Jung in the World: Jung, The Mythology of Pan, and Panic Culture: Interview with Ryan Maher

In this episode, Patricia Martin interviews Ryan Maher, MA, LMHC, LCPC, and graduate of the C. G. Jung Institute of Chicago’s Jungian Psychotherapy Program. In this discussion, they touch on:

  • Symbolism of the Forest in ancient and modern contexts
  • “Panic” and irrational states of mind
  • Paul Robichaud’s Pan: The Great God’s Modern Return
  • Self-regulation
  • Jung’s concept of reflection as an instinct
  • Dissociation from nature and instincts
  • Integration of the irrational
  • Transformation
  • James Hillman

Listener’s may be interested in Ryan’s presentation The Forest, The Witch & Pan – Psyche’s Need for Wilderness and Enchantment for the Myth Salon on YouTube, which is mentioned in this interview.

Ryan Maher, MA, LMHC, LCPC is a licensed psychotherapist and a graduate of the Chicago School of Professional Psychology where he concentrated his study on the treatment of trauma. Ryan works with individuals and couples navigating significant life changes, personal and relational conflicts, and feelings of purposelessness/lack of meaning. Specific concerns often include: depression, anxiety, grief, spiritual/existential crises, and impulsive/compulsive patterns. Ryan completed a two-year post-graduate training program in Jungian Psychotherapy and is certified in hypnotherapy. He is a member of The Breathe Network, the National Board of Certified Counselors, and the American Counseling Association. He is also an affiliate member of the C. G. Jung Institute of Chicago and presents regularly at The C. G. Jung Center in Evanston, IL. More information about Ryan’s practice at TheInnerWorldTherapy.com.

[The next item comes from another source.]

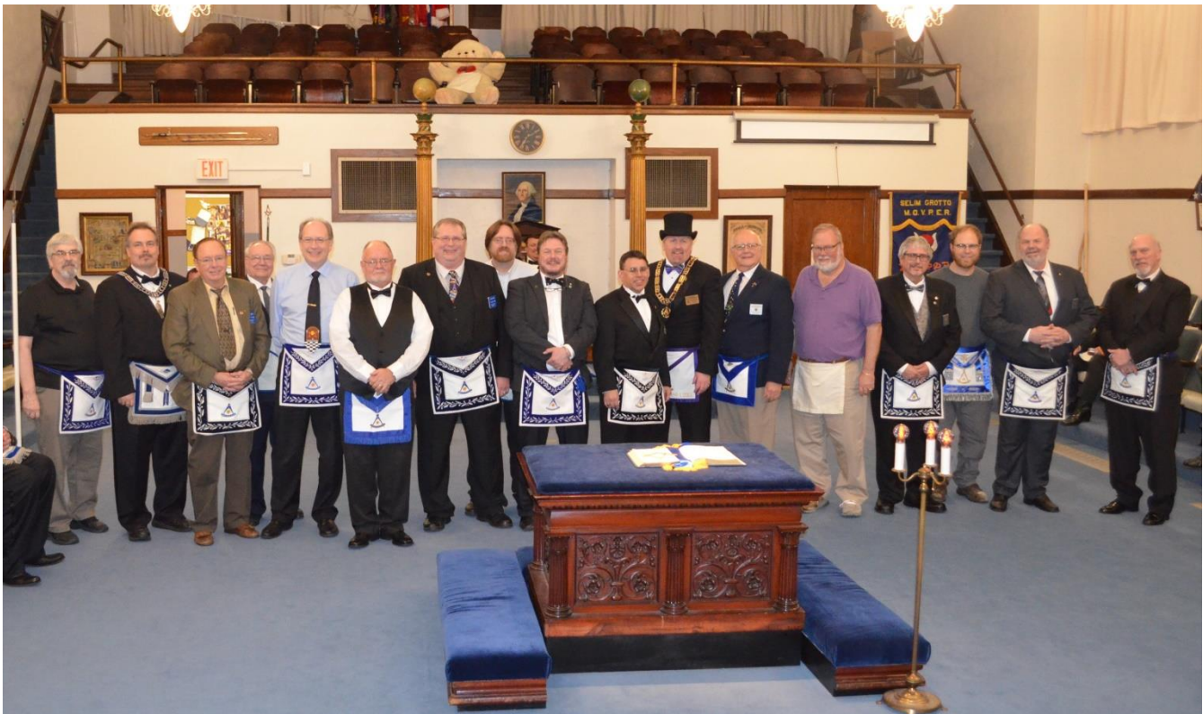
Always great to see all the Past Masters putting on the Past Master's Degree!
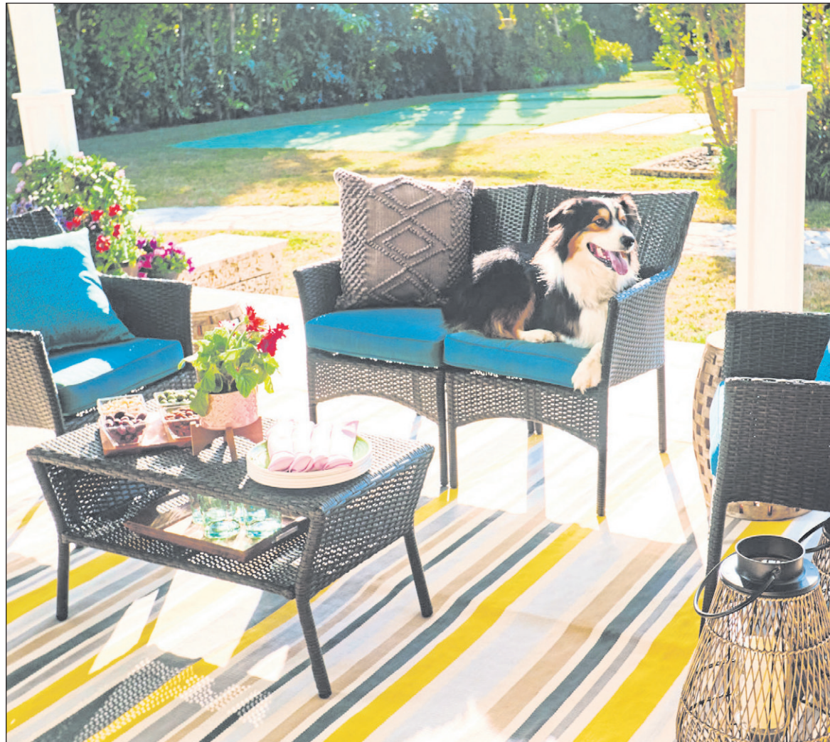
Select outdoor furnishing materials that resist harsh weather conditions, such as those featured on this patio.

Patricia Martin is a cultural analyst, consultant, and the author of three books on cultural trends. As a consultant, Martin has worked on teams at Discovery Communications, Dannon, Microsoft, Ms. Foundation for Women, Oracle, Unisys, The Art Institute of Chicago, and the New York Philharmonic, to name a few. Her work has been featured in the New York TimesHarvard Business ReviewUSA Today, and Advertising Age. A blogger since 2002, Martin was a regular contributor to Huffington Post during its start-up years. She earned a B.A. in English and sociology from Michigan State University and an M.A. in Irish literature and culture from the University College Dublin. Later, she built a foundation for her cultural analysis by studying Jungian theory and depth psychology at the C. G. Jung Institute of Chicago, where she is currently a Professional Affiliate and member of the program committee. In 2017, she harnessed artificial intelligence to uncover the effects of the internet on our sense of self. A book on her findings entitled Will the Future Like You? is due out later in 2021. Martin speaks worldwide about cultural changes that are shaping the future and the impact of the digital culture on the collective. A native of Detroit, Martin works in Chicago and lives in an ancient forest near the shores of Lake Michigan with her husband and countless deer.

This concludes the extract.